*Records provided*
Start of Block
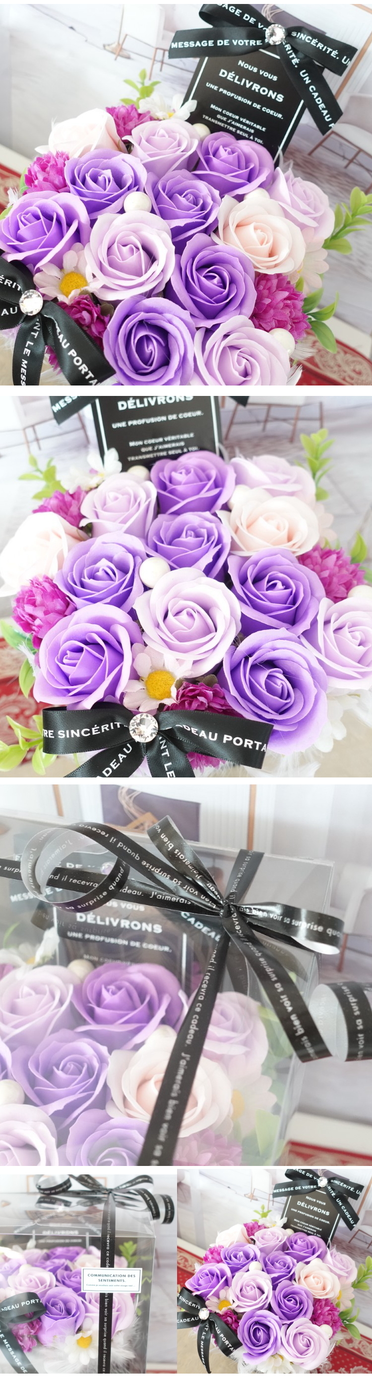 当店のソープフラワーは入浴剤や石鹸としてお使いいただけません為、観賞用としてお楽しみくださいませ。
End of Block
Start of Block
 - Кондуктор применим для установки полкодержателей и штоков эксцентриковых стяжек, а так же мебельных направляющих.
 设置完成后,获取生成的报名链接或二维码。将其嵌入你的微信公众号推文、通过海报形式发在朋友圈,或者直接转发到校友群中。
End of Block
Start of Block
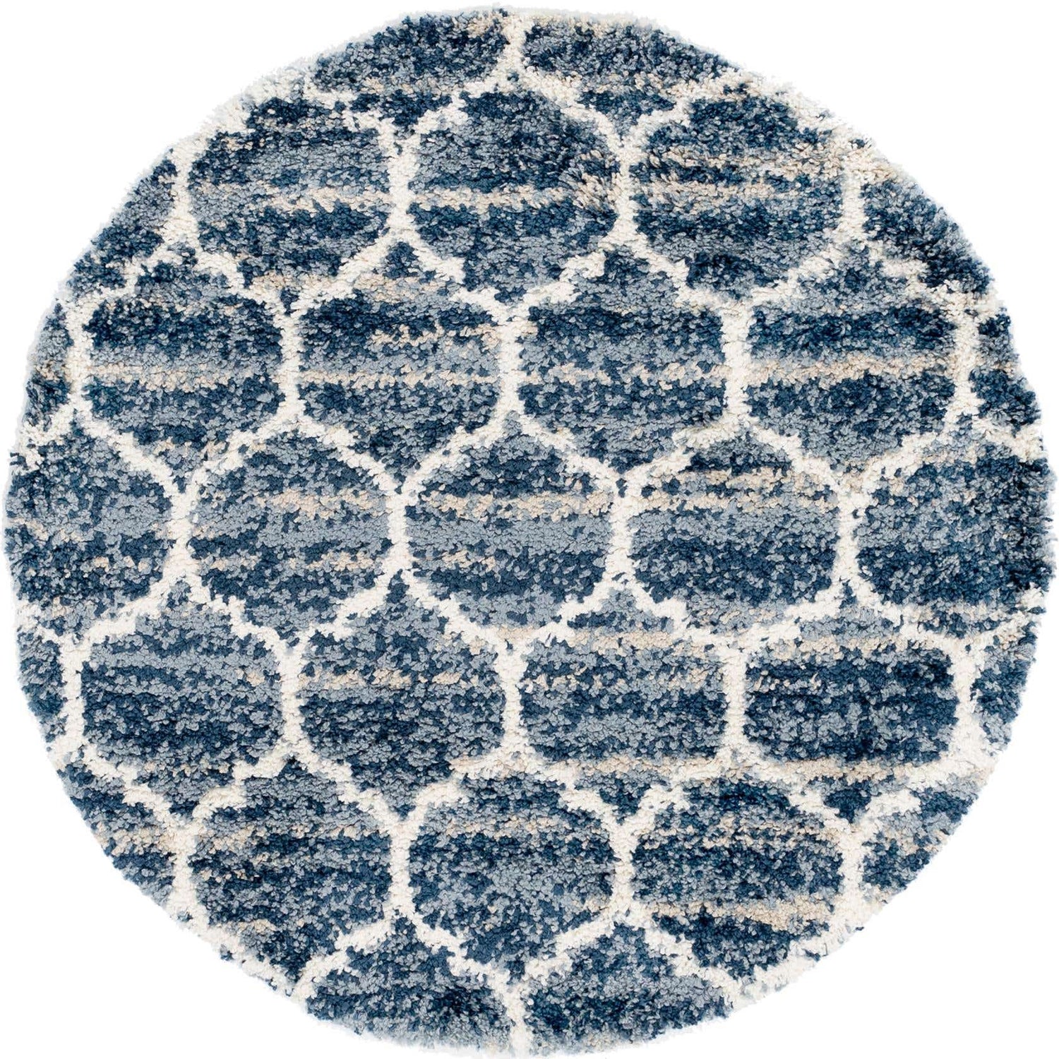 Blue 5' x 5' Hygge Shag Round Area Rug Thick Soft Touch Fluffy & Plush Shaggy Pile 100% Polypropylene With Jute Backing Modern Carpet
End of Block
Please, from the material above, copy only the lines from the line with "- Кондуктор применим" up to and including the line with "设置完成后,获取生成的报名链", exactly as written.

 - Кондуктор применим для установки полкодержателей и штоков эксцентриковых стяжек, а так же мебельных направляющих.
 设置完成后,获取生成的报名链接或二维码。将其嵌入你的微信公众号推文、通过海报形式发在朋友圈,或者直接转发到校友群中。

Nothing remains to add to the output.